Soaring Prices Fuel Frustrations for Weary Argentines
【By JONATHAN GILBERT／聯合報／陳世欽譯】
BUENOS AIRES — Diego Gómez scurried around the food market in a gritty neighborhood far from the elegant avenues of central Buenos Aires. He did not stay long.
“My salary isn’t enough for anything,” said Mr. Gómez, 58, a blacksmith and father of four who earns less than $800 a month. After a few modest purchases, he left . “It’s unfair that we suffer,” he said about the rise in prices that followed a 19 percent devaluation in January of Argentina’s peso, which sent shock waves through emerging markets.
Mr. Gómez’s situation is common in Argentina as residents grapple with one of the world’s highest inflation rates, leading to social unrest, including a strike by schoolteachers and police sitins that led to widespread looting.
Argentines endured price rises of nearly 30 percent last year, according to an unofficial index published by opposition politicians; the government, which has been accused of manipulating economic data in the past, claims inflation reached only 10.9 percent in 2013. In 2014, inflation could accelerate to 45 percent, according to a recent report by J. P. Morgan in New York.
The price increases are a feature of daily life. One butcher’s store abandoned its price boards last month; cashiers now update a scrap of paper daily. Women seek increases in alimony payments from former spouses. Businesses wrestle with salary demands. News channels send out reporters with 100 pesos, about $12.70, to gauge the weakening buying power of the highest-denomination bill. People fume in the streets about the price of everything from cakes to refrigerators. Cafe owners complain that customers order less food. Wholesalers and store owners struggle to price imported goods.

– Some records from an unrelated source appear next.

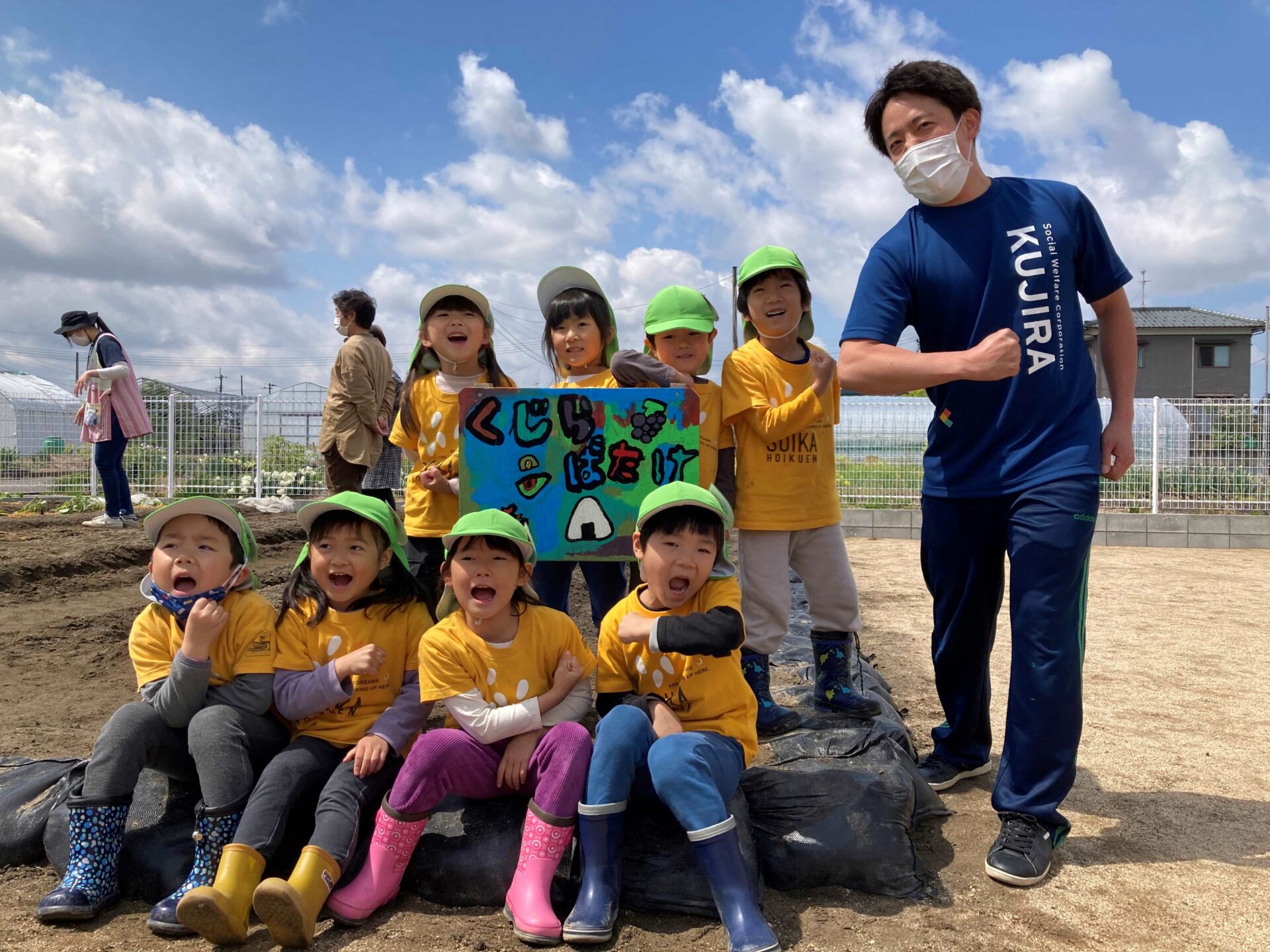 法人内の男性職員もお手伝いに駆けつけて、和気あいあいとした雰囲気の中、サツマイモの苗と、えだまめの種まきが始まりました。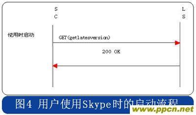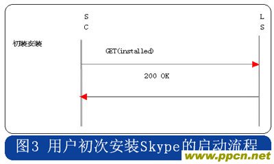 Skype的用戶(hù)終端啟動(dòng)時(shí),采用HTTP協(xié)議連接到注冊(cè)服務(wù)器,用戶(hù)初次安裝的啟動(dòng)流程中攜帶“installed”的參數(shù),使用時(shí)啟動(dòng)流程則在消息中攜帶“getlatestversion”參數(shù),具體流程分別見(jiàn)圖3和圖4。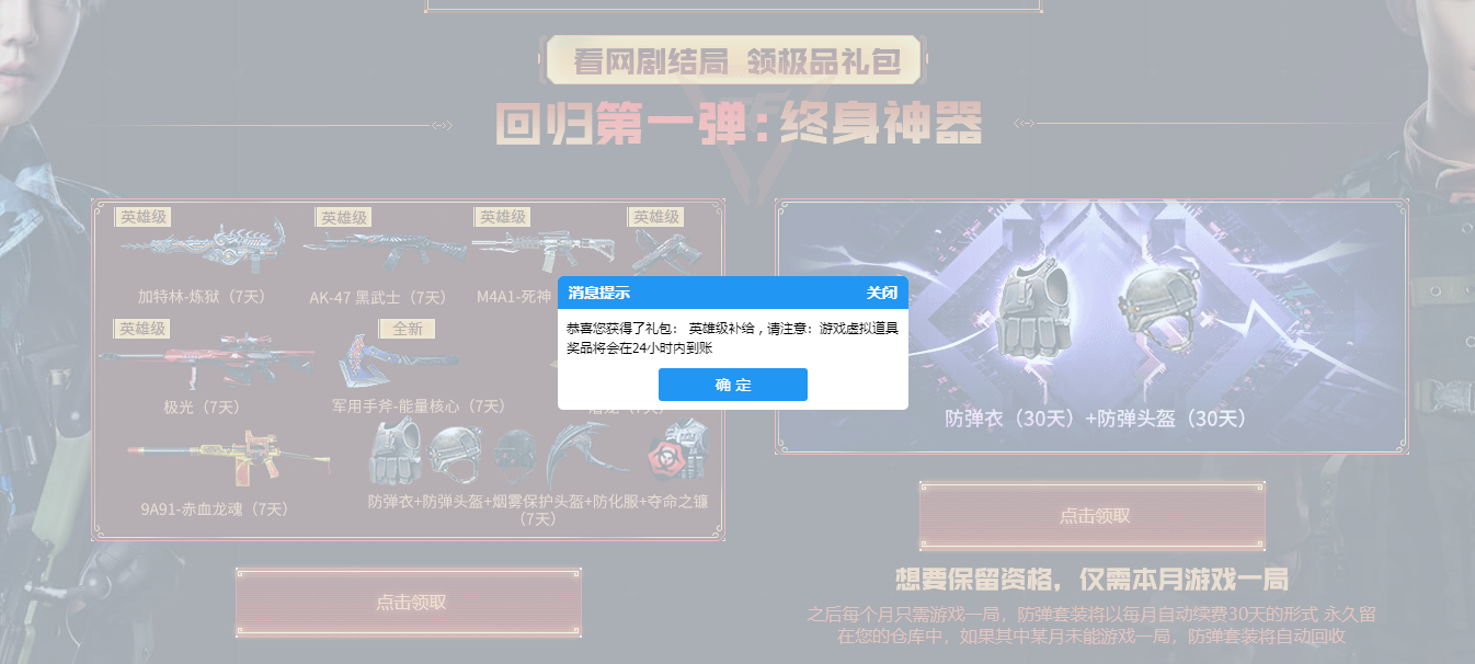 礼包含有:A47-黑武士、M4A1-死神、沙鹰修罗、极光、屠龙7天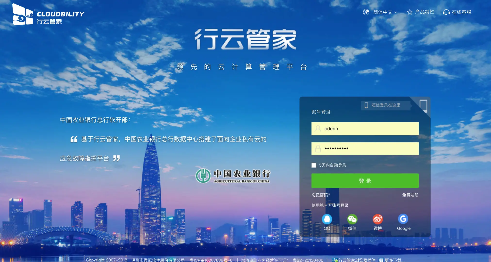 登录行云管家,支持QQ、微信、微博、Google等第三方账号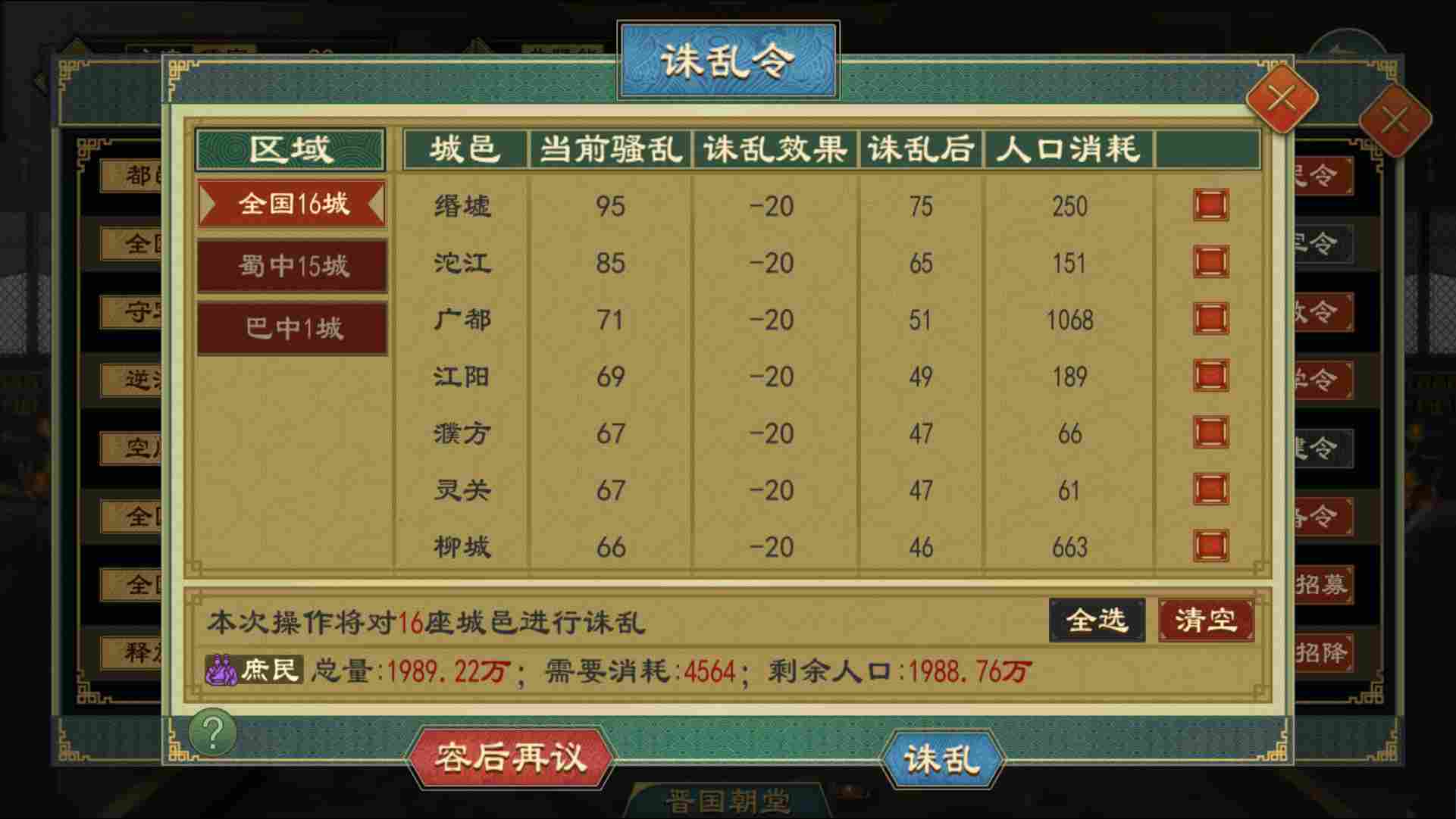 当骚乱过高时,最快捷的方法是使用公府律令内的 【诛乱令】 ,消耗部分人口降低骚乱。除此之外也可以通过对骚乱过高城邑进行免役、免税,或者使用部分政策降低骚乱。

Salary increases have blunted inflation and fueled domestic consumption, including record sales of new cars last year. But real wages are now expected to drop, leading one prominent opposition figure to compare them to “water running through your fingers.”
The government has pressed ahead with a round of price freezes on items like vegetables, meat, canned food and even some school materials. Billboards encourage Argentines to call a hotline to denounce stores that do not respect the freezes.
“We have to monitor prices,” President Cristina Fernández de Kirchner told thousands of supporters outside Congress this month. “Don’t let them rob you,” she said, referring to what she and her ministers view as a coterie of rapacious businessmen.
In the crowd, Lucía Martínez, 60, a nephrologist, said the price increases were disproportionate and equated them to an “undercover coup.” Posters from a pro-government organization singled out business executives , accusing them of theft.
“They’re toasting with Champagne while the people become divided,” said Sandra Bustos, 50, who runs a market stall.
Argentines disillusioned with the government believe the controls are a symptom of haphazard policy making . “The campaign is useless,” said a retired accountant who gave his name only as José . “It’s a rule that’s older than the world. If you print money, there’s inflation.”
Monetary supply increased by 25 percent in 2013, according to the president of the central bank.
Mrs. Kirchner’s economy minister, Axel Kicillof, subscribed to Marxist theory as a university professor and has downplayed the link between monetary expansion and inflation. He has criticized the idea that Latin American governments should use inflation rates to gauge economic success.
Argentina has long been plagued by cycles of inflation, starting with price increases provoked by influential British merchants soon after Spanish colonialists were ousted in 1810. More recently, the financial crisis of 2001-2 set off political upheaval, devaluation and inflation. A decade earlier, hyperinflation set off looting and forced President Raúl Alfonsín to hand over the presidency . “People have lived through so many inflationary processes that an escalation in prices is not just economic, but sociological,” said Carlos Germano, a political analyst.
“Crises are routine,” said Hugo Fahler, 57, who installs air-conditioning units . He says he now charges nearly twice as much as before the devaluation because the cost of some materials has jumped by 160 percent.
“This reminds me of Alfonsín,” Mr. Fahler said. “The next government is going to have a real mess on its hands.”